Она тотчас же отвесила мне оплеуху, но, как мне показалось, больше от удовольствия, чем от ярости, и сказала:

— Бесстыдник! Видимо, ты воображаешь, что стоит тебе признаться в своих грязных мыслях, как получишь от меня отпущение! Правда, только ограниченные и скрытные люди никогда и ни в чем не хотят признаваться. Но и прочим не так-то все сразу прощается! В наказание убирайся сейчас же вон и ступай домой! Завтра ночью можешь заглянуть опять!

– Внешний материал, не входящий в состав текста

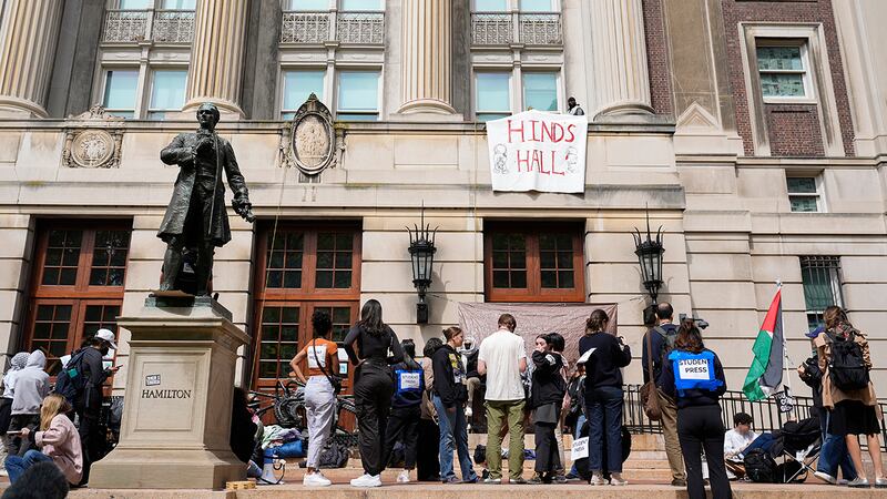 Police arrest nearly 300 in protests at Columbia University, CCNY Demonstrators from the pro-Palestine encampment barricade themselves inside Hamilton Hall, an academic building at Colombia University, on April 30, 2024 in New York City. Pro-Palestinian demonstrators marched around the "Gaza Solidarity Encampment" at Columbia University as a 2 P.M. deadline to clear the encampment given to students by the university passed. The students were given a suspension warning if they do not meet the deadline. Columbia students were the first to erect an encampment in support of Palestine, with students demanding that the school divest from Israel amid the Israel-Hamas war, where more than 34,000 Palestinians have been killed in the Gaza Strip. (Alex Kent/Getty Images)
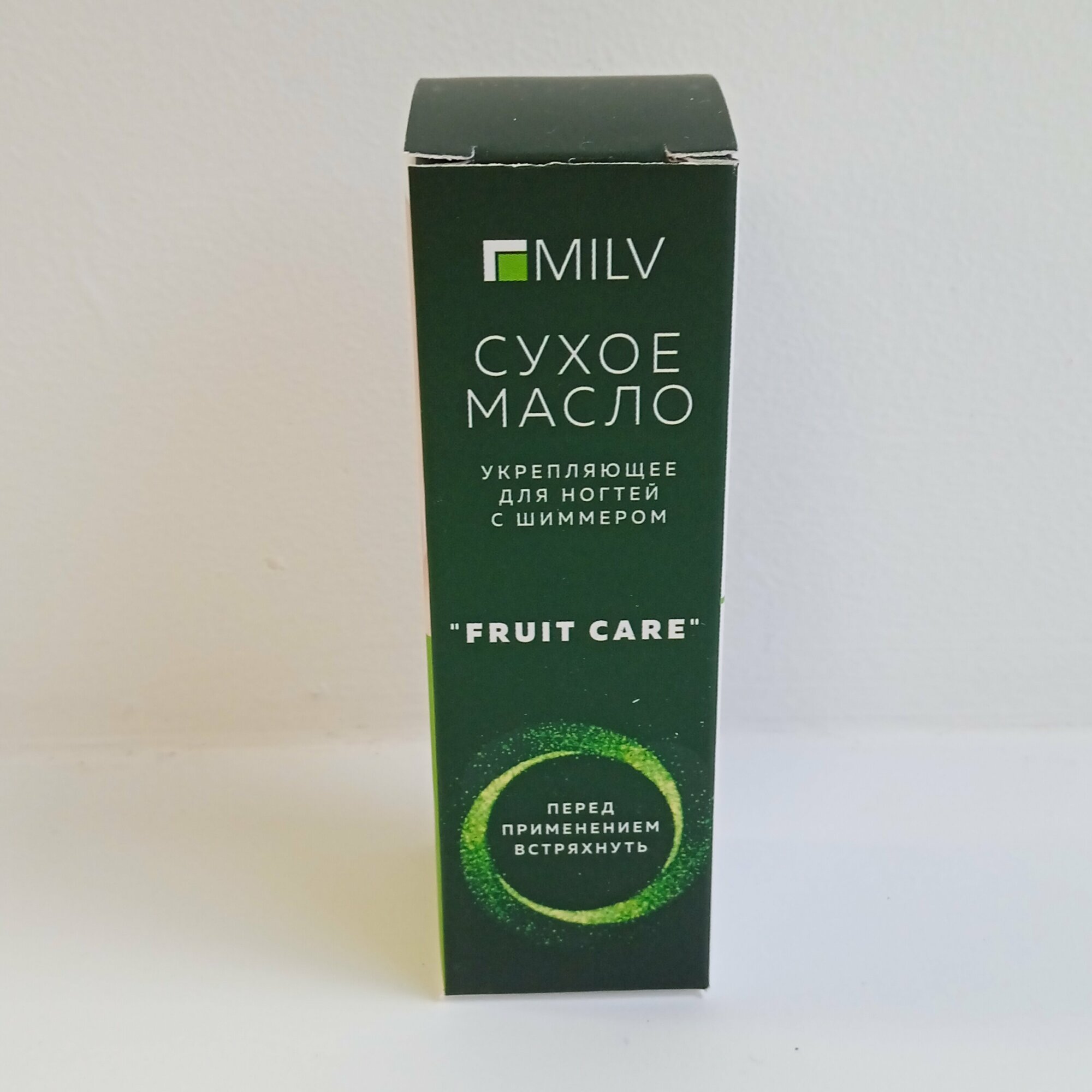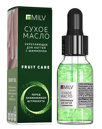 | Комплектация | Сухое укрепляющее масло для ногтей Milv Fruit care, с шиммером, 15 мл |
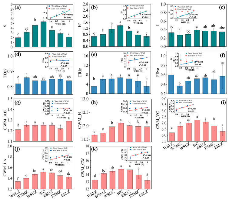 圖1 長(zhǎng)城遺址不同微空間位置物種豐富度(a)、物種多樣性(b)、物種均勻度(c)、功能均勻度(d)、功能分化度(e)、功能豐富度(f)、群落加權(quán)平均_生物量(CWM_AB,g)、群落加權(quán)平均_株高(CWM_H,h)、群落加權(quán)平均_蓋度(CWM_VC,i)、群落加權(quán)平均_葉面積(CWM_LA,j)、群落加權(quán)平均_冠幅(CWM_CW,k)變化情況.
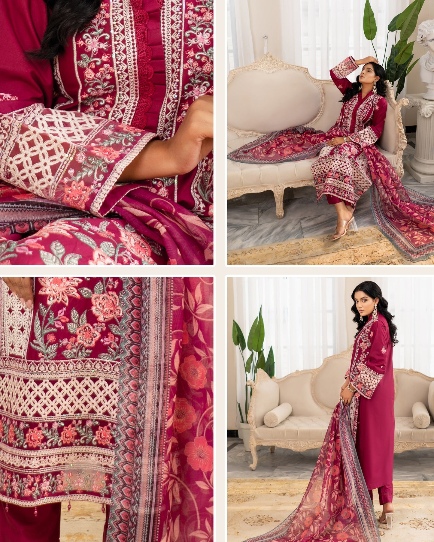 Design Details: Front-heavy embroidery with patchwork, sequins, chikankari
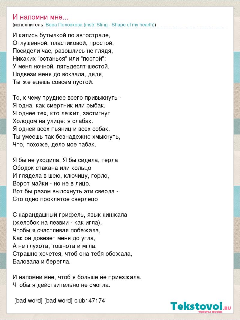 И катись бутылкой по автостраде, Оглушенной, пластиковой, простой. Посидели час, разошлись не глядя, Никаких "останься" или "постой"; У меня ночной, пятьдесят шестой. Подвези меня до вокзала, дядя, Ты же едешь совсем пустой. То, к чему труднее всего привыкнуть - Я одна, как смертник или рыбак. Я однее тех, кто лежит, застигнут Холодом на улице: я слабак. Я одней всех пьяниц и всех собак. Ты умеешь так безнадежно хмыкнуть, Что, похоже, дело мое табак. Я бы не уходила. Я бы сидела, терла Ободок стакана или кольцо И глядела в шею, ключицу, горло, Ворот майки - но не в лицо. Вот бы разом выдохнуть эти сверла - Сто одно проклятое сверлецо С карандашный грифель, язык кинжала (желобок на лезвии - как игла), Чтобы я счастливая побежала, Как он довезет меня до угла, А не глухота, тошнота и мгла. Страшно хочется, чтоб она тебя обожала, Баловала и берегла. И напомни мне, чтоб я больше не приезжала. Чтобы я действительно не смогла. [bad word] [bad word] club147174
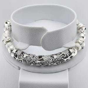 I used Silver plated Brass pattern disc posts and added two different kinds of Silver plated Brass pattern discs and wavy discs to create these dangle drop earrings.
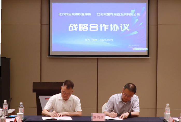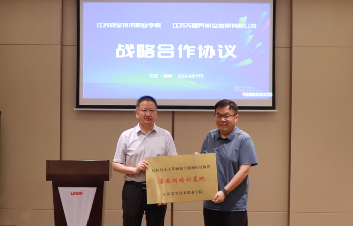 朱偉軍代表學(xué)院同黃飛建簽訂校企合作戰(zhàn)略協(xié)議,并與賈汪區(qū)潘安湖街道辦事處主任朱明虎一同為“潘安湖民航局無(wú)人駕駛航空器操控員執(zhí)照培訓(xùn)基地”揭牌。
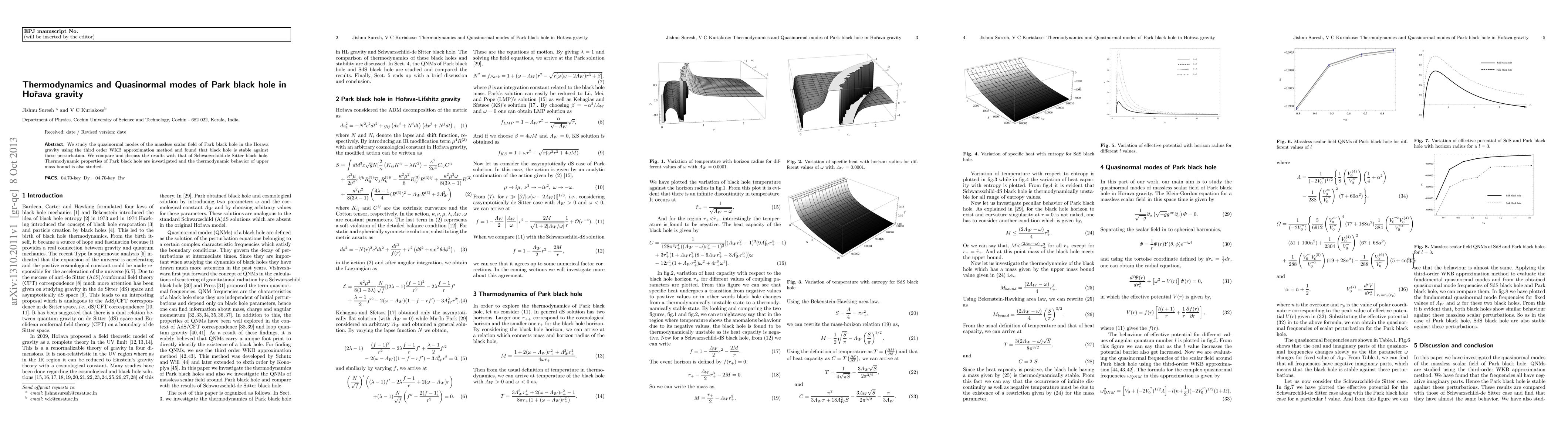 This research examines the quasinormal modes of a Park black hole in Hořava gravity, concluding the black hole's stability against scalar perturbations using a third-order WKB approximation. It also investigates the thermodynamic properties, including the upper mass bound behavior, of the Park black hole.

Теперь, когда это бывало возможно, я по ночам отправлялся к ней. День она обычно проводила в одиночестве, в то время как я предпринимал дальние походы, чтобы рисовать, или же сидел в доме учителя, где должен был держать себя тихо и чинно, как в некоей школе страдания. Таким образом, в эти ночи мы могли болтать вволю и нередко часами сидели у открытого окна, созерцая блеск ночного неба, простершегося над летним миром. Или же мы закрывали окно, задвигали ставни и читали, сидя вместе за столом. Еще осенью Юдифь просила у меня какую-нибудь книжку, и я оставил ей немецкий перевод «Неистового Роланда», который сам еще не успел прочесть. Зимой Юдифь нередко почитывала эту книгу и теперь хвалила ее, как прекраснейшую на свете. Юдифь больше не сомневалась в скорой смерти Анны и откровенно говорила мне об этом, но я не мог согласиться с ней; эта тема и мои сообщения о больной настраивали нас уныло и мрачно, каждого на свой лад; когда же мы читали Ариосто, то забывали свои горести и погружались в новый, сверкающий мир. Юдифь сначала воспринимала эту книгу по-простонародному, лишь как нечто печатное, не задумываясь над ее происхождением и значением. Но теперь, когда мы стали читать ее вместе, Юдифь задавала много вопросов, и я должен был, по мере сил, дать ей понятие об истории возникновения, о значении этой старинной поэмы, о стремлениях и целях поэта и рассказывал, что знал, про Ариосто. Юдифь обрадовалась еще больше, называла автора умным и даже мудрым человеком и теперь читала каждую песнь этой поэмы с удвоенным удовольствием, ибо знала, что в основе этих то забавных, то глубокомысленных историй лежал веселый замысел, а кроме того, в них чувствовалась такая творческая сила, такая проницательность и такое знание жизни, что все это, будучи ей совершенно внове, сверкало перед ее взором, как звезда в темной ночи. Когда герои поэмы в ослепительной красоте проносились перед нами, переходя от заблуждения к заблуждению, и, неустанно преследуя и ловя один другого, каждый раз ускользали и вдруг сменялись третьим или когда они, наказанные и печальные, краткое мгновение отдыхали от своей страсти, чтобы затем еще полнее забыться у ясных вод, под сенью роскошных дерев, Юдифь восклицала:

— Какой это умный писатель! Да, так это и бывает, таковы люди и их жизнь, таковы мы сами, глупцы!